Seven Reads
We are proud to announce the fifth year of Spartanburg High School's summer reading program, now called Seven Reads. The purpose of this program is to bring the school and community together, to have authors visit the campus and interact with the students, and to encourage a life-long love of reading. By giving every SHS student and key community leaders a nationally-acclaimed novel to read over the summer, we hope to encourage school-wide and community-wide participation in this program. We look forward to Sharon Draper, author of three of our selected books, visiting the campus this school year on September 17, 2010. We invite the parents and the community to participate with us in this program by reading along with us, and we welcome all to come and meet the authors on the designated Seven Reads day.
This year, our teachers, administrators, and guidance counselors helped to select a group of seven students from each grade to become Seven Reads Ambassadors for this program. The Ambassadors will be responsible for encouraging their peers to read, helping with the author visits, and planning exciting activities around our chosen books. By making this more of a student-led initiative, we hope the program will better meet the needs and desires of our youth. Along with our teachers' continued support, our parents' encouragement, and Spartanburg's community interest, we hope not only to provide the students with a good read, but also to encourage life-long reading and learning. Students who participate in the book chat and read their books will have an opportunity to win cash/incentive prizes. We will not have a point system for completing projects, but instead students will be asked to answer a simple (non-graded) in-class prompt for assessment.
Please contact Cara Lynn Cannon (680-9534), Seven Reads Committee Chair, with any questions or suggestions. We enjoy hearing from you!
Book List
- The Battle of Jericho by Sharon Draper (author visiting): What would you be willing to do to gain acceptance by the most popular group of kids at school? Would you do what you know is right, or would you do the things that would make you popular? Jericho Prescott, a junior at Frederick Douglass High School, is offered the opportunity to pledge the most popular club at the school--the Warriors of Distinction. On the surface the club seems to be wonderful--it's been around for almost fifty years and is highly respected by the community.

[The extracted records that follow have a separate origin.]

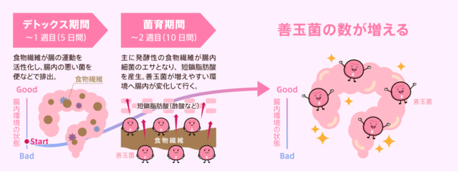 安達祐実さんをはじめとして、キレイを保ち続けている人たちの腸能力のポイントは、腸内細菌が体内で生み出す酪酸などの短鎖脂肪酸にあるのではないかと考えています。今回、食事で推奨される小麦ブランシリアルに豊富に含まれる発酵性食物繊維「アラビノキシラン」は、腸内細菌のエサとなり、その働きを活性化させます。継続的な摂取で酪酸などの短鎖脂肪酸を増加させることにより、腸内環境が整い、キレイにつながると考えられています。人の腸内細菌は多種多様のため腸活の効果にはばらつきがありますが、一般的な腸活では、開始直後から1週間程度は、食物繊維が腸を動かし、腸内にある悪玉菌を体外に排出する期間(デトックスフェーズ)と、その後、約1週間から1ヶ月程度の期間をかけて、腸内に棲む善玉菌が食物繊維をエサとして増加する期間(菌育フェーズ)へと移行します。特に、菌育フェーズでは、小麦ブランシリアルに加えて他の発酵性食物繊維や発酵食品を複数取り入れたシンバイオティクスメニューを食べることで、腸能力が高まると考えられます。今回のプログラムは、これらのポイントを加味して、フードプランナー/管理栄養士 岸村康代先生が監修された、日常生活で手軽に実践できるレシピと、株式会社ティップネス提供による腸エクササイズの2つで構成しました。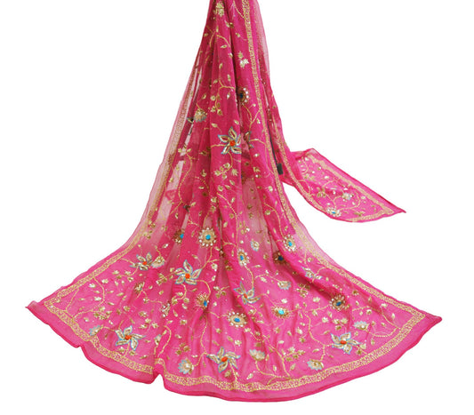 Indian Vintage Heavy Pink Dupatta American Georgette Long Stole Hand Embroidered Scarf Zari Zardozi Wedding Veil Bridal Hijab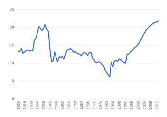 A careful observation of the graph will show us that there was a sharp decline in income inequality in the 1950s and 1980s but after this duration, the income inequality is on a steady rise, the income share of the top 1% is increasing. Therefore, government intervention is necessary to reduce this inequality.

But under the surface, the club has many undisclosed activities, known only to those who go through the secret initiation rituals. The Battle of Jericho is about the power of peer pressure, and making decisions which might affect the rest of one's life.
- November Blues by Sharon Draper (author visiting): When November Nelson loses her boyfriend, Josh, to a pledge stunt gone horribly wrong, she thinks her life can't possibly get any worse. But Josh left something behind that will change November's life forever, and now she's faced with the biggest decision she could ever imagine. How in the world will she tell her mom? And how will Josh's parents take the news? She's never needed a friend more. Jericho Prescott lost his best friend when he lost his cousin, Josh, and the pain is almost more than he can bear. His world becomes divided into "before" and "after" Josh's death. He finds the only way he can escape the emptiness he feels is to quit doing the things that made him happy when his cousin was alive, such as playing his beloved trumpet, and take up football, where he hopes the physical pain will suppress the emotional. But will hiding behind shoulder pads really help? And will his gridiron obsession prevent him from being there for his cousin's girlfriend when she needs him most?
- Copper Sun by Sharon Draper (author visiting): From the opening pages, readers become engrossed with the heartbreaking journey of Amari, a 15-year-old African girl captured and enslaved in 1738. The horror begins quickly. Infiltrated by slave dealers, Amari's village is destroyed and survivors are chained together by iron neck bands and marched to the sea. Advised to find something of beauty in any hostile place, Amari gazes at a copper-colored sunset, realizing the same sun shone on her beloved, decimated village.
- A Pearl in the Storm by Tori Murden McClure: The true story of Tori Murden McClure, the first woman to row solo across the Atlantic Ocean. McClure's memoir, subtitled, "How I Found My Heart in the Middle of the Ocean," is more than a woman-against-the-elements adventure tale; it is, in the words of actress Candice Bergen, "a story of courage, adventure, and personal discovery that will appeal to women and men of all ages."
- Abundance of Katherines by John Green: When it comes to relationships, everyone has a type. Colin Singleton's type is girls named Katherine. He has dated--and been dumped by--19 Katherines. In the wake of The K-19 Debacle, Colin--an anagram-obsessed washed-up child prodigy--heads out on a road trip with his overweight, Judge Judy-loving friend Hassan. With 10,000 dollars in his pocket and a feral hog on his trail, Colin is on a mission to prove a mathematical theorem he hopes will predict the future of any relationship (and conceivably win the girl).